### [SUPPLIED INFORMATION]
>>>>>

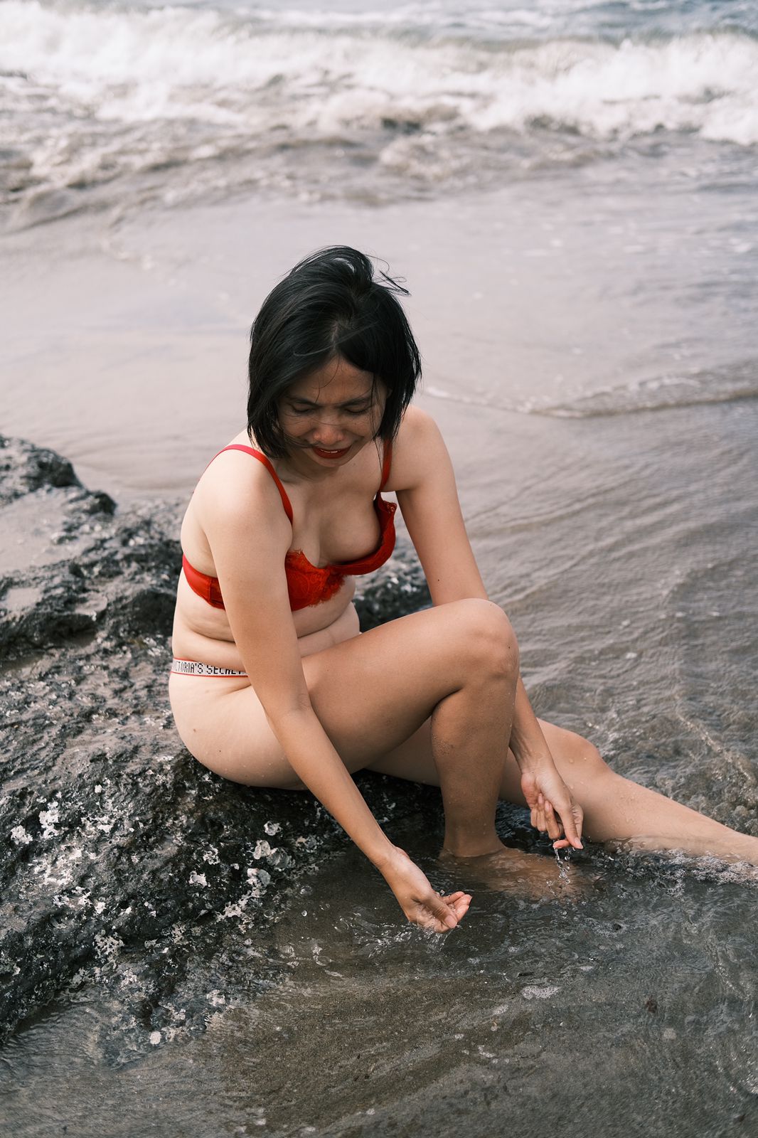 Tammy poses in a red bra
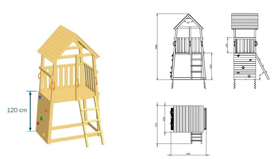 Материал: сосна. Столбы домика сечением 80мм х 80мм и 90мм х 90мм. Комплекс крепится к земле с помощью анкеров (без бетонирования). Материал покраски: система защиты дерева с эффектом самоочистки Pinotex Extreme (Нидерланды). Сверхпрочная защитная лазурь для древесины Pinotex Extreme защищает деревянные поверхности от агрессивного воздействия осадков и ультрафиолета даже в условиях сурового климата.
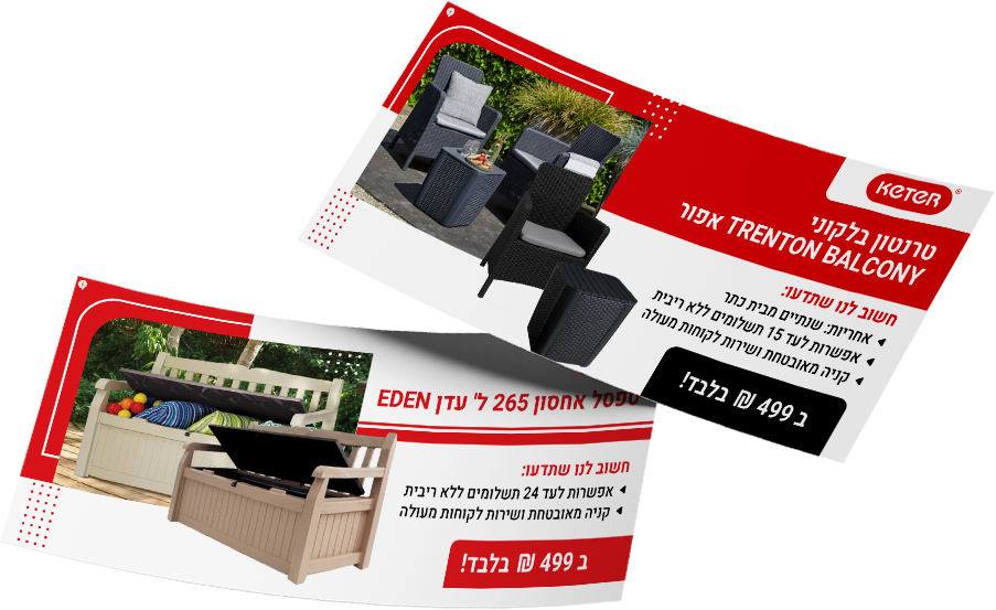 We made a bright design for flyers that would attract the attention of customers and encourage them to enter the Keter store.
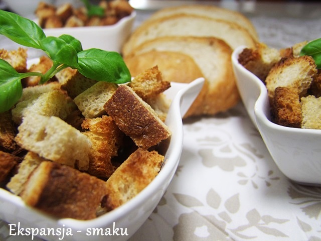 Grzanki – to, jak dla mnie świetny dodatek do zup. Kremowe zupy bardzo często podaję mojej rodzince. Brokułowa, kalafiorowa czy ogólnie warzywna to moje ulubione zupy z których robię krem. Tak przygotowane danie podaję oczywiście z pachnącymi i chrupkimi grzankami. Te małe , pieczone kostki chleba możemy również dodać do
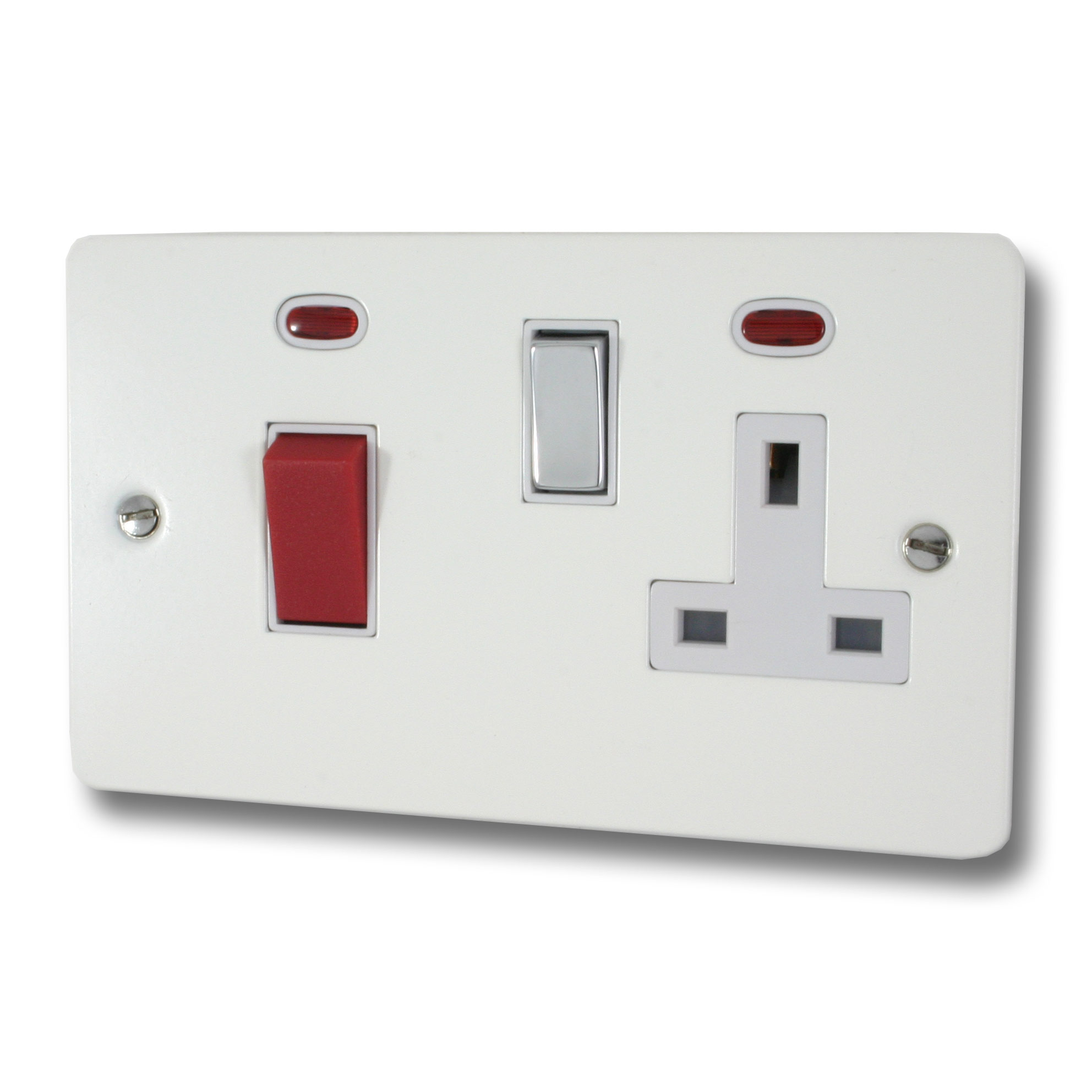 Flat White Cooker Switch with Socket (45 Amp/Chrome Switch) - G+H FW229-PC
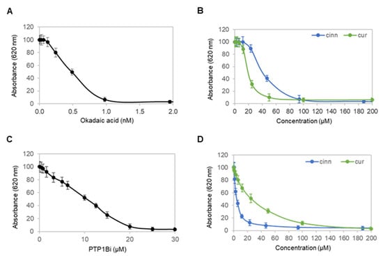 Cinnamaldehyde and curcumin are known inhibitors of protein serine/threonine phosphatase 2A (PP2A) and protein tyrosine phosphatase 1B (PTP1B) [,]. Next, enzymatic activities of recombinant PP2A and PTP1B proteins were measured in the presence of cinnamaldehyde and curcumin and compared to okadaic acid, a known PP2A inhibitor [], and a PTP1B inhibitor (PTP1Bi) []. Okadaic acid inhibited PP2A with a half-maximal inhibitory concentration (IC50) of approximately 0.5 nM (Figure 6A). By comparison, cinnamaldehyde and curcumin inhibited PP2A with IC50 values of approximately 40 and 20 µM, respectively (Figure 6B). Expectedly, PTP1Bi inhibited PTP1B at an IC50 of approximately 10 µM (Figure 6C). By comparison, cinnamaldehyde and curcumin inhibited PTP1B at an IC50 of approximately 4 and 25 µM, respectively (Figure 6D). Taken together, cinnamaldehyde and curcumin inhibited both PP2A and PTP1B.
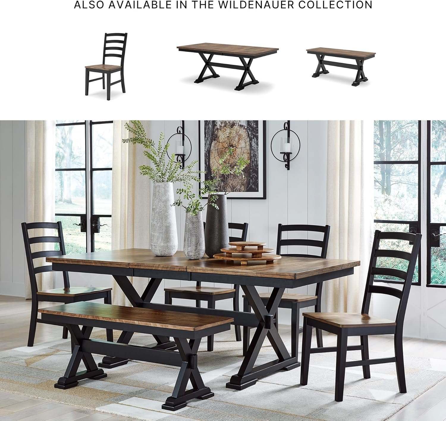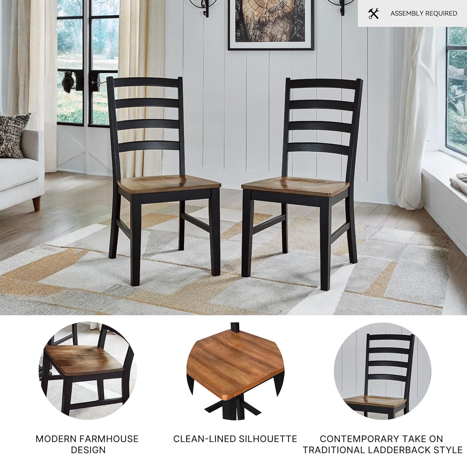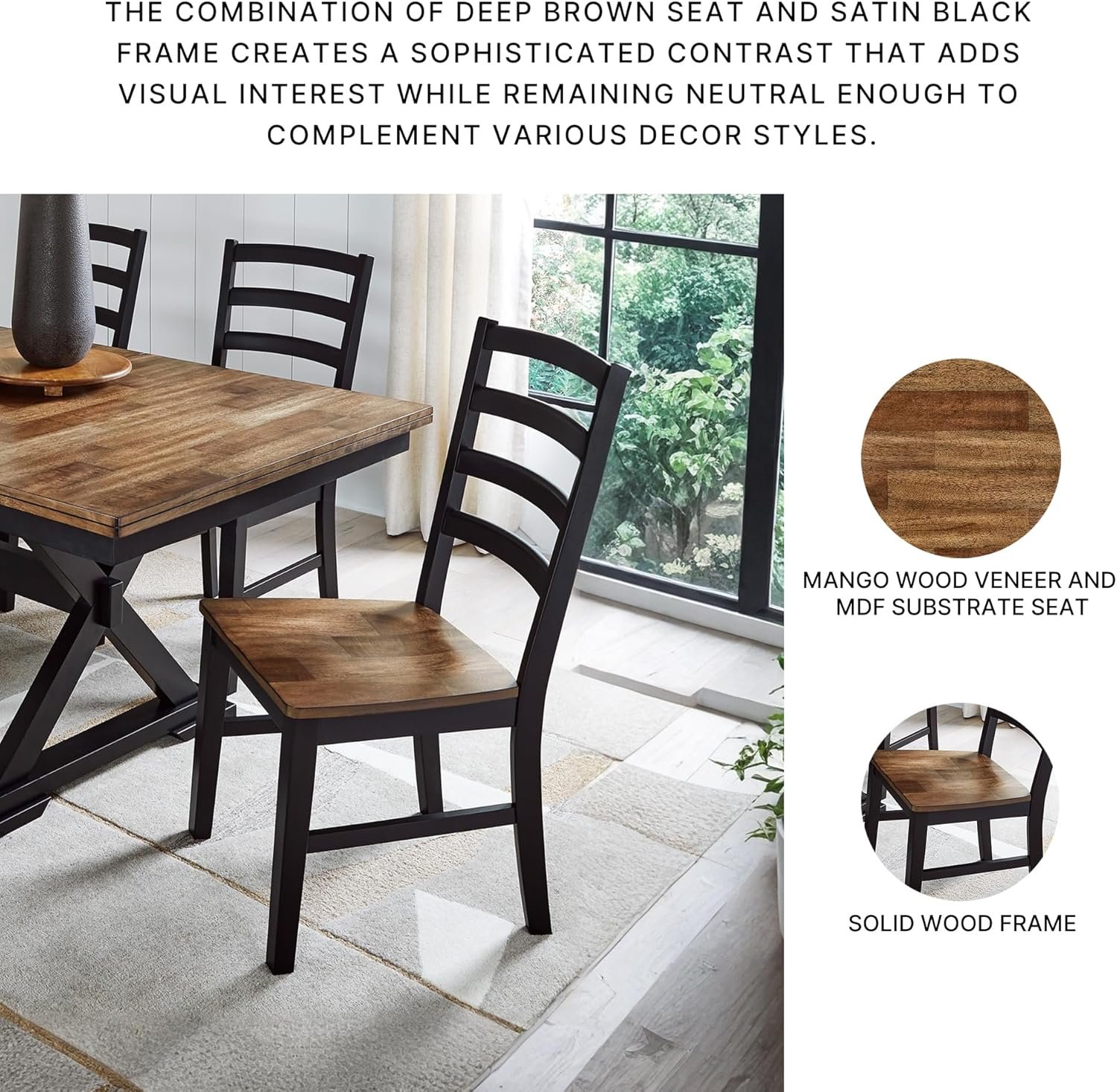 TWO-TONE LOOK: Its casual good looks are accentuated with a two-tone finish. A clean-lined silhouette with a modern ladderback adds a fresh element whether your style is vintage, country or eclectic

<<<<<

### [EXERCISE]
Every line of the listing should be repeated exactly; no picture should appear.

### [RESPONSE TO THE TASK]
 Tammy poses in a red bra
 Материал: сосна. Столбы домика сечением 80мм х 80мм и 90мм х 90мм. Комплекс крепится к земле с помощью анкеров (без бетонирования). Материал покраски: система защиты дерева с эффектом самоочистки Pinotex Extreme (Нидерланды). Сверхпрочная защитная лазурь для древесины Pinotex Extreme защищает деревянные поверхности от агрессивного воздействия осадков и ультрафиолета даже в условиях сурового климата.
 We made a bright design for flyers that would attract the attention of customers and encourage them to enter the Keter store.
 Grzanki – to, jak dla mnie świetny dodatek do zup. Kremowe zupy bardzo często podaję mojej rodzince. Brokułowa, kalafiorowa czy ogólnie warzywna to moje ulubione zupy z których robię krem. Tak przygotowane danie podaję oczywiście z pachnącymi i chrupkimi grzankami. Te małe , pieczone kostki chleba możemy również dodać do
 Flat White Cooker Switch with Socket (45 Amp/Chrome Switch) - G+H FW229-PC
 Cinnamaldehyde and curcumin are known inhibitors of protein serine/threonine phosphatase 2A (PP2A) and protein tyrosine phosphatase 1B (PTP1B) [,]. Next, enzymatic activities of recombinant PP2A and PTP1B proteins were measured in the presence of cinnamaldehyde and curcumin and compared to okadaic acid, a known PP2A inhibitor [], and a PTP1B inhibitor (PTP1Bi) []. Okadaic acid inhibited PP2A with a half-maximal inhibitory concentration (IC50) of approximately 0.5 nM (Figure 6A). By comparison, cinnamaldehyde and curcumin inhibited PP2A with IC50 values of approximately 40 and 20 µM, respectively (Figure 6B). Expectedly, PTP1Bi inhibited PTP1B at an IC50 of approximately 10 µM (Figure 6C). By comparison, cinnamaldehyde and curcumin inhibited PTP1B at an IC50 of approximately 4 and 25 µM, respectively (Figure 6D). Taken together, cinnamaldehyde and curcumin inhibited both PP2A and PTP1B.
 TWO-TONE LOOK: Its casual good looks are accentuated with a two-tone finish. A clean-lined silhouette with a modern ladderback adds a fresh element whether your style is vintage, country or eclectic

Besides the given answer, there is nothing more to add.